■ Work to complete: Restate word for word the lines below that run from the one holding "- Spoon filling" through the one holding "(总)意尚风情 2023新款", inclusive. Pictures don't belong in the copy.

■ Extracted data:
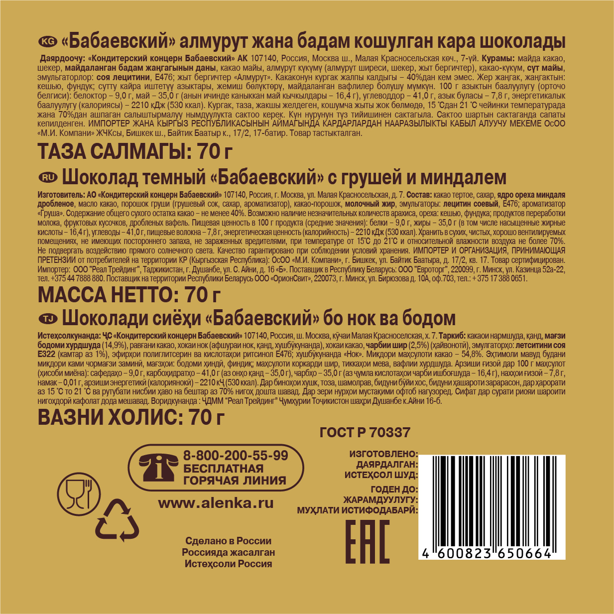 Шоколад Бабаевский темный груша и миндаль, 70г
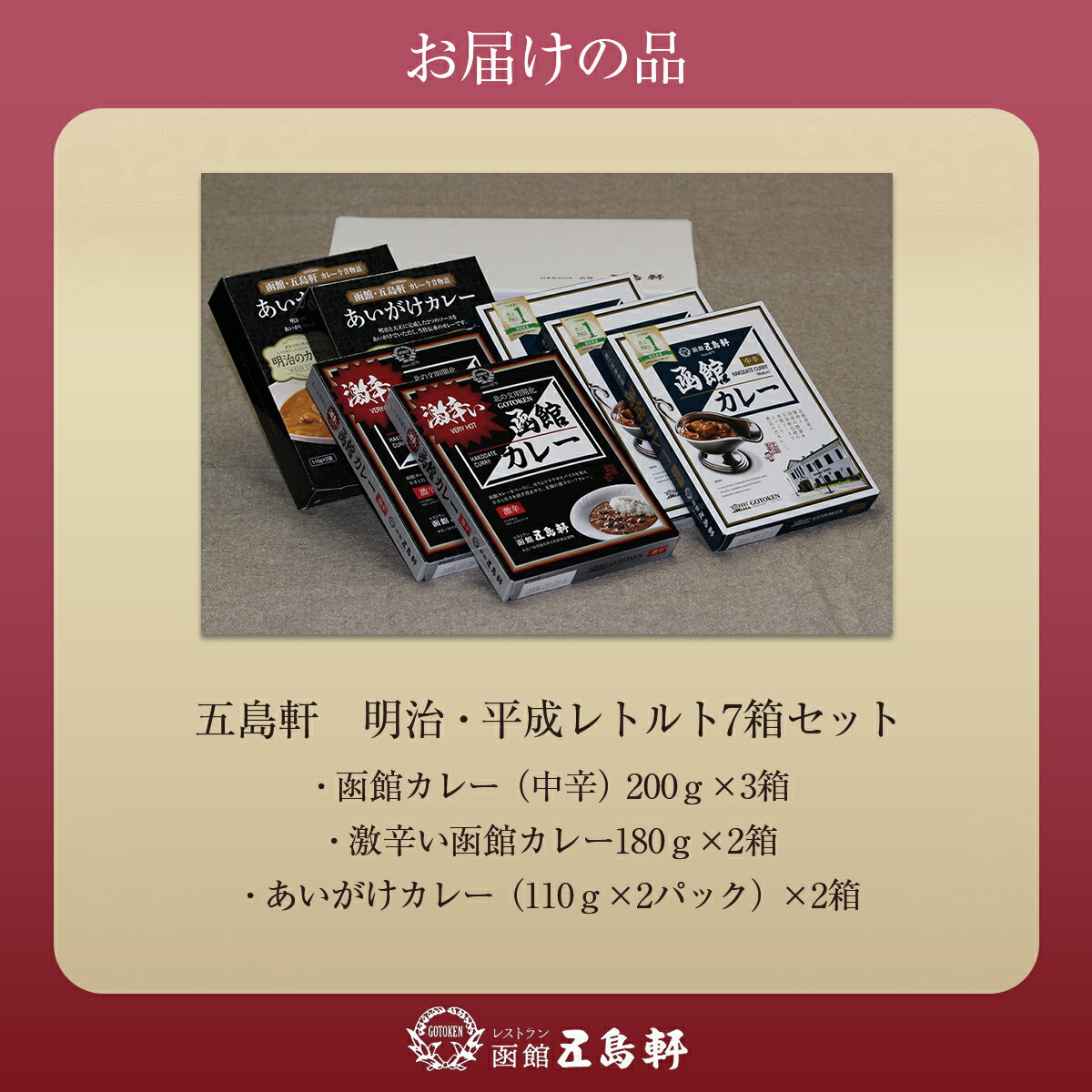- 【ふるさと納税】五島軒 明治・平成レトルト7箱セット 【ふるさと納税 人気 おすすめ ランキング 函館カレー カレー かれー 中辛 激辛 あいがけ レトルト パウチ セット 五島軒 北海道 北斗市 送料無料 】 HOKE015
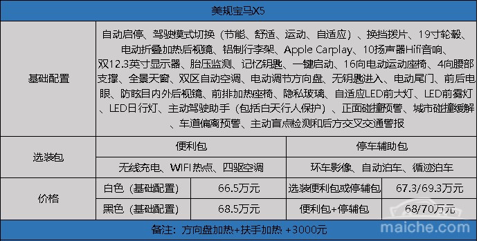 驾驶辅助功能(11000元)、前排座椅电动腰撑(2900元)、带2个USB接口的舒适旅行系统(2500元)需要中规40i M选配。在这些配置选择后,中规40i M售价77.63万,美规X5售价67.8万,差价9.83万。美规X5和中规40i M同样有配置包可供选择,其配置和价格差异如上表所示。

--

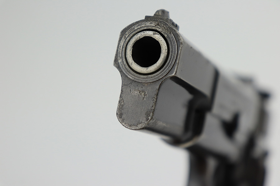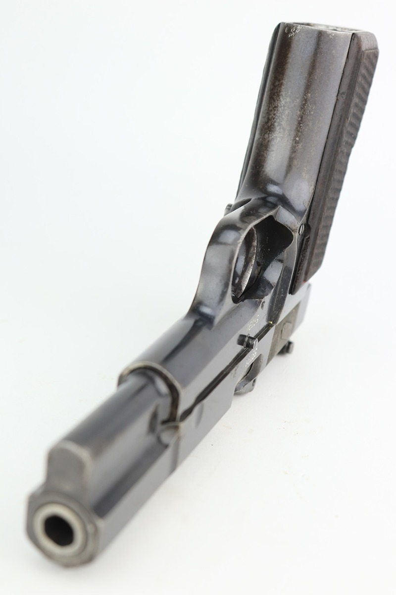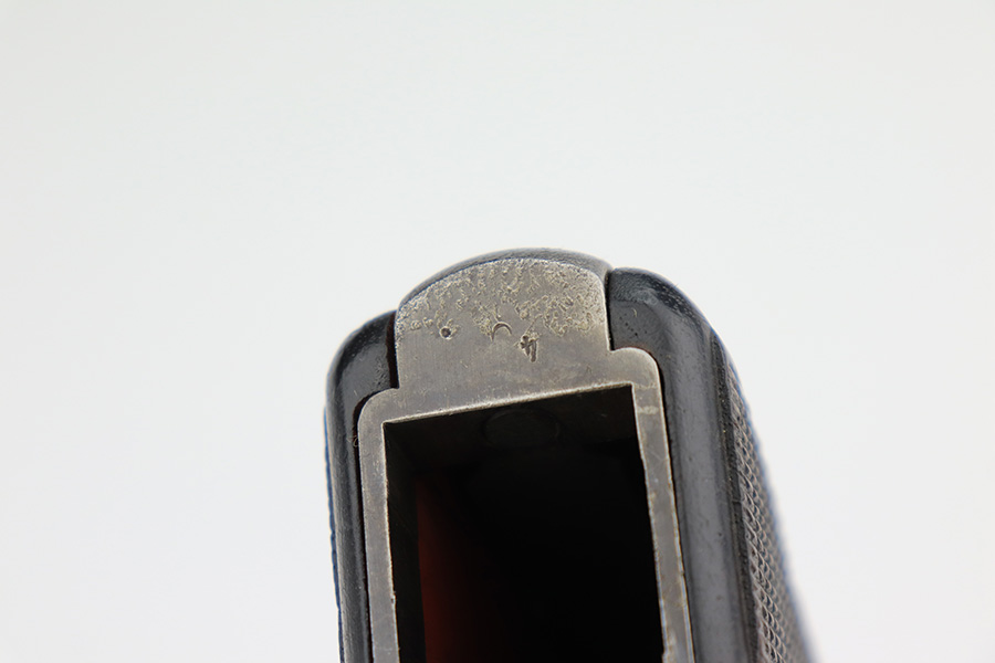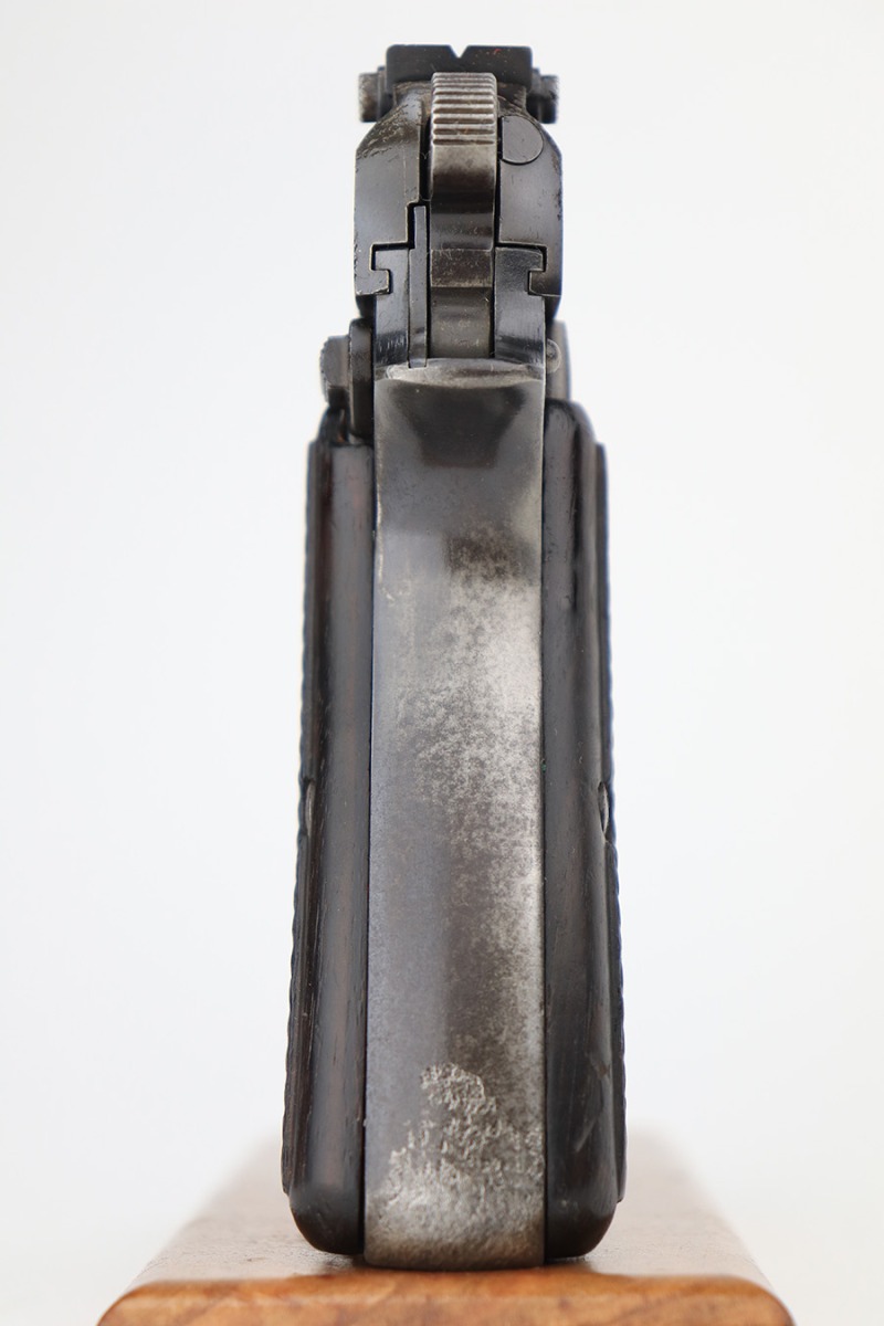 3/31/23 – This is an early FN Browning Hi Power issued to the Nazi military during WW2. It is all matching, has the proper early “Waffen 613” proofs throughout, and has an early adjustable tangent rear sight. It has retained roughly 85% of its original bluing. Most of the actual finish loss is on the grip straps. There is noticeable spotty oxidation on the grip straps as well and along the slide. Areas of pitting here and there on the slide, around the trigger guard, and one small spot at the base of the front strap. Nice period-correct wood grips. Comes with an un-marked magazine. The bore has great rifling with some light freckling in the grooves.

...

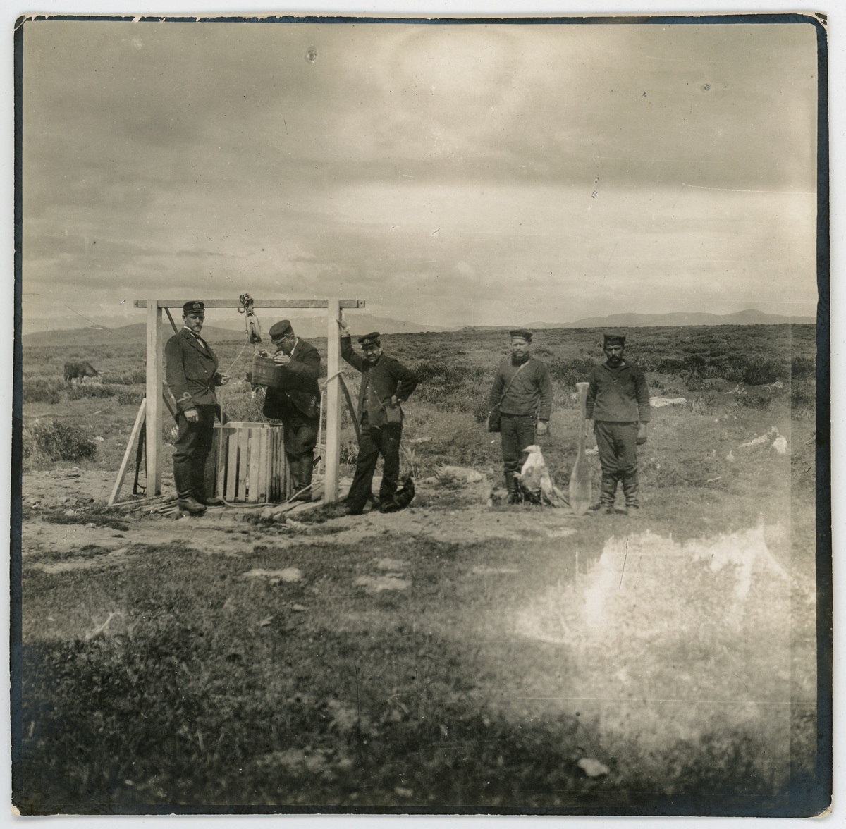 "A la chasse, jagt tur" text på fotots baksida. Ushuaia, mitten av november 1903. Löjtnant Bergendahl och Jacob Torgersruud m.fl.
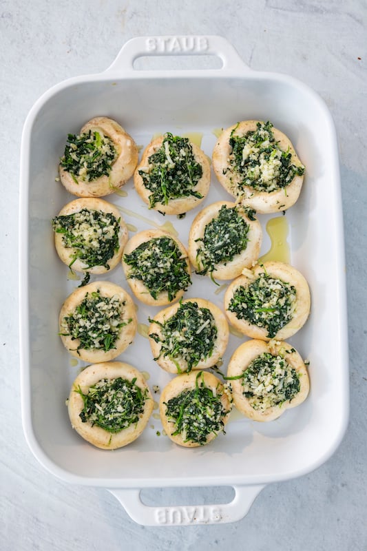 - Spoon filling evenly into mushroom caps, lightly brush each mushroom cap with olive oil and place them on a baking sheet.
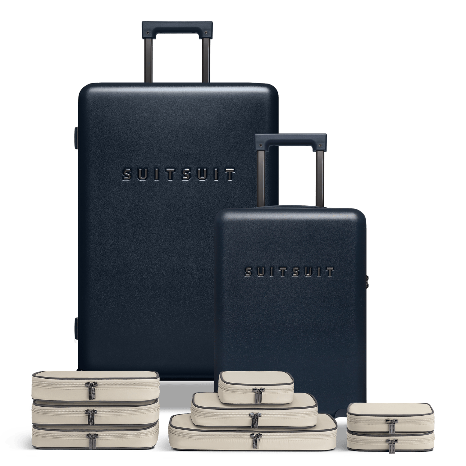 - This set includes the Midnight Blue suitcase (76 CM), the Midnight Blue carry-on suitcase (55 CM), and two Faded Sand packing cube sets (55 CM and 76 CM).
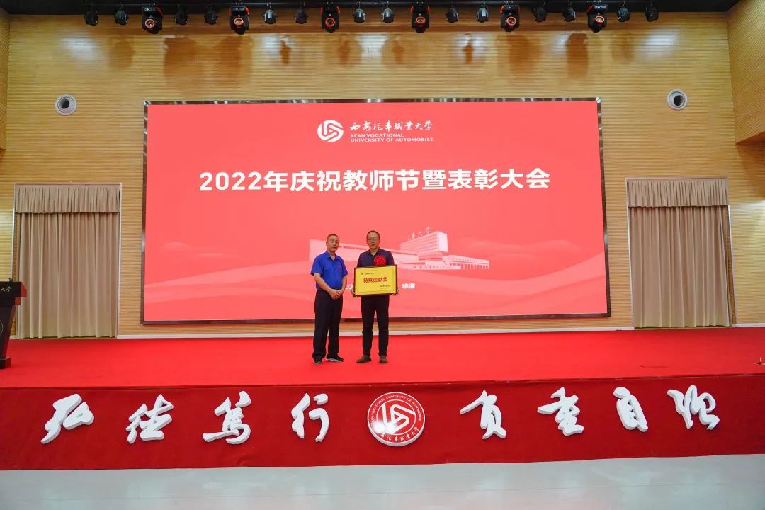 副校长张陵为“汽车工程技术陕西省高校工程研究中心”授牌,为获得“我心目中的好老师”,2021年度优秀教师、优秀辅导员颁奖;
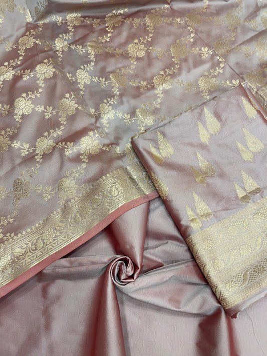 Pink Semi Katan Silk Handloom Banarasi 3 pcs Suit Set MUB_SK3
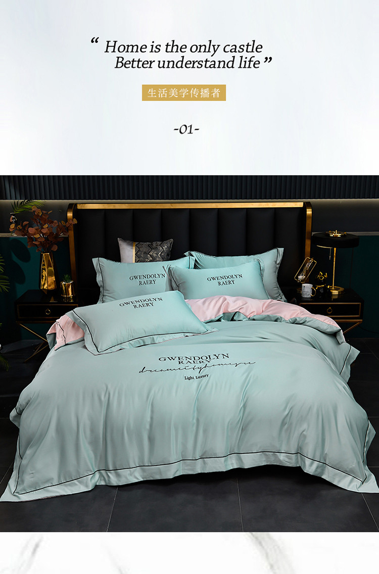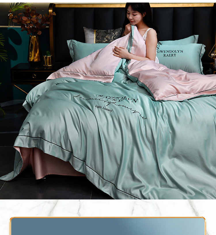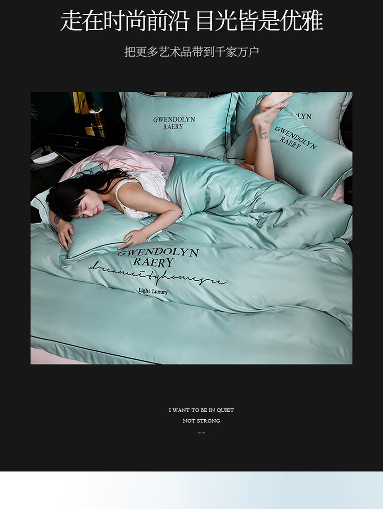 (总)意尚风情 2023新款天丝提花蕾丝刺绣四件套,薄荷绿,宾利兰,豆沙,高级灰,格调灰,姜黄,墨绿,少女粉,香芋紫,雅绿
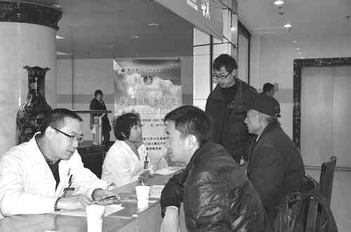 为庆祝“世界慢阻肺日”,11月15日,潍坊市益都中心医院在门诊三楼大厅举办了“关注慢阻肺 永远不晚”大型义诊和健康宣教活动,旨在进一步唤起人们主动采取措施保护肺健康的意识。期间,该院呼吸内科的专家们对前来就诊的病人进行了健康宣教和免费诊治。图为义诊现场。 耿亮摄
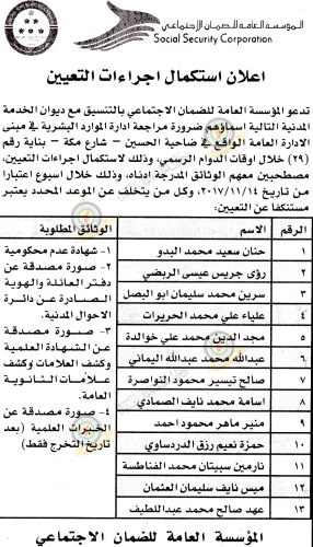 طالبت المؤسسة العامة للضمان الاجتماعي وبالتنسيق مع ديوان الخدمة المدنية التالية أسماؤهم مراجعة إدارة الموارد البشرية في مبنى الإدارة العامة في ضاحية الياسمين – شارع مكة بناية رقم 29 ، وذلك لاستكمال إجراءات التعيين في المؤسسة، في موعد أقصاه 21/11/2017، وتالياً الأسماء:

■ Solution for this exercise:
 - Spoon filling evenly into mushroom caps, lightly brush each mushroom cap with olive oil and place them on a baking sheet.
 - This set includes the Midnight Blue suitcase (76 CM), the Midnight Blue carry-on suitcase (55 CM), and two Faded Sand packing cube sets (55 CM and 76 CM).
 副校长张陵为“汽车工程技术陕西省高校工程研究中心”授牌,为获得“我心目中的好老师”,2021年度优秀教师、优秀辅导员颁奖;
 Pink Semi Katan Silk Handloom Banarasi 3 pcs Suit Set MUB_SK3
 (总)意尚风情 2023新款天丝提花蕾丝刺绣四件套,薄荷绿,宾利兰,豆沙,高级灰,格调灰,姜黄,墨绿,少女粉,香芋紫,雅绿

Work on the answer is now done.